DO THEY COUNT AS BILLABLES?

In “New Lawyers, New Classes,” the Wall Street Journal reports on firms sending their attorneys through business-education type programs. Describing one full-time four week example, it states the obvious: “[L]aw firms aren’t billing the 160 training hours to clients.”

But the article is silent on a more interesting question: If a lawyer has to devote 160 hours — or any other amount — to firm-required business education, will that time count toward minimum billable hour expectations?

1958 ABA pamphlet suggested that a reasonable full-time schedule produced 1,300 client hours a year. That’s right, 1,300. Today, senior partners who had no minimum billables requirements as associates run firms where some new attorney orientation sessions dictate monthly targets, as well as annual ones. Big law associates average more than 2,000 billables a year. Adding another 160 hours — a month’s worth of time — for firm-required education is no small matter.

During year-end reviews, associates typically receive spreadsheets detailing their hours by category: client billables, recruiting, training, pro bono, personal, and so forth. (Hat-tip to The American Lawyer‘s A-List, which prompts many firms to count pro bono hours as billable time.)

How about training? Back in January 2008 when law firms were more concerned about attracting and retaining good associates than they are now, the New York Times found firms attacking enormous associate attrition rates with initiatives aimed at keeping the keepers. But even that didn’t always extend to giving billable credit for training.

For example, the Times wrote, “Strasburger & Price, a national firm based in Dallas, announced last October [2007] that it was decreasing the hours new associates were expected to log, to 1,600 from 1,920 annually. (Lest you think those lawyers will be able to go home early, however, note that newcomers will now be asked to spend 550 hours a year in training sessions and shadowing senior lawyers.)”

According to the NALP directory, Strasberger’s policy is unchanged, but at least it’s transparent. Many big law counterparts have remained opaque.

Consider the public positions of the three firms in the WSJ article — Debevoise & Plimpton; Milbank, Tweed, Hadley & McCoy; and Skadden, Arps, Slate, Meagher & Flom. In their current NALP listings, none discloses its average associate billables for 2009 or 2010. But that doesn’t mean those in charge aren’t watching hours closely.

According to the Journal, “Debevoise said its associate billable hours rose by more than 10% in 2010 and are up by even more so far this year.” To what?
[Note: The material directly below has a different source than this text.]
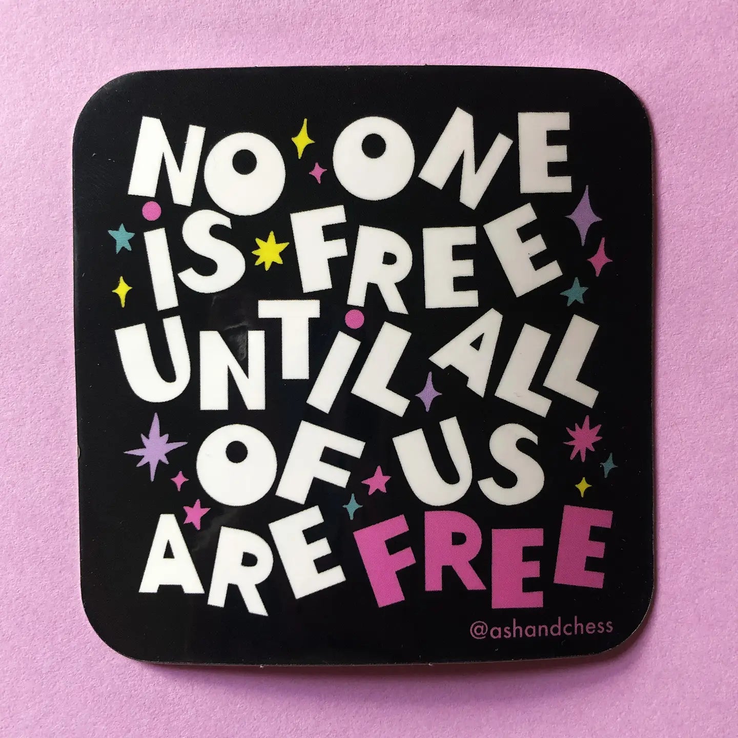 Our 'No One Is Free' sticker is a striking 3" x 3" vinyl piece from Ash + Chess. This design reflects our commitment to creating stationery and gifts that uplift and resonate with the queer community. Perfect for personalizing laptops, notebooks, phone cases, and more. Let it stand as a bold statement on your everyday items, a true embodiment of our brand's ethos. Ash + Chess is proud to bring you this unique piece, designed with passion and purpose in Kingston, NY.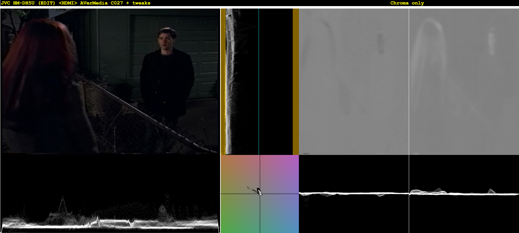 I read about the AG-1980 exhibiting the familiar "temporal artifact" as found in other vcr brand/models, and also in various types of software DNR filters. I believe the complexity of the artifact, the amount of it, is dependent on the content (motion speed in certain scene change and/or scene motion). For instance, in a sample clip from that image you see (I was too tired to upload last night) it showed very minute levels of that artifact. I will have to post that clip today, later. Perhaps untouched also. Color correcting vhs is difficult because different movies were mastered with poor color levels to begin with. I was actually considering the idea of mapping the sample clip to my dvd, but there is no filter (virtualdub or avisynth) that can do that. At least not yet. The idea (at least in my head) is to duplicate the dvd's "color level" (brightness, gain, gama, etc) and apply it to the vhs version but not specifically touching the pixel. I don't think this idea was ever thought of here until today, I am sharing that idea with you now. But again, I feel that vhs should be left alone, to keep the aesthetics intact, including the wrong color level if necessary.Last edited by vhelp; 6th Oct 2016 at 12:53.

The article doesn’t say — and neither does the firm.

Earlier this year, Milbank’s chairman, Mel Immergut, noted that billables were up, but “still low compared to what [they have] historically been.” Again, no hint of what those levels were or are.

Skadden’s culture is no secret. It became the subject of unwanted attention after one of its associates, Lisa Johnstone, died in June at age 32 — reportedly after weeks of extremely long hours.

All three firms state on their NALP forms that they have no minimum billable hours requirement. Debevoise’s website says that billable and pro bono hours “are monitored by partners to assure an associate’s full involvement in our practice and to attempt to spread workloads fairly.”

So perhaps there’s no need to worry about how those 160 business-education training hours get counted after all. Debevoise cares only about assuring full involvement and fairness for its associates, not whether they meet a minimum number of billables. Like many firms, Milbank actually uses its training programs as a sales tool: “Get paid to go to Harvard,” its website proudly proclaims. Skadden will always be Skadden.

But give credit where it’s deserved: Debevoise ranked an impressive 16th in overall mid-level associate satisfaction this year. Milbank and Skadden fared less well — placing 68th and 69th, respectively, out of 126. (The unfortunate backstory is that overall satisfaction for the survey group dropped to another record low.)

Interestingly, all three responded to this query on the NALP form:

“Billable hours credit for training time.”

Debevoise and Milbank answered “Y.” Skadden said “N.”

“Credit” toward what? Unless billables matter to evaluating or compensating associates, wouldn’t firms without a minimum requirement answer “N/A”?

Maybe their stated answers are typos.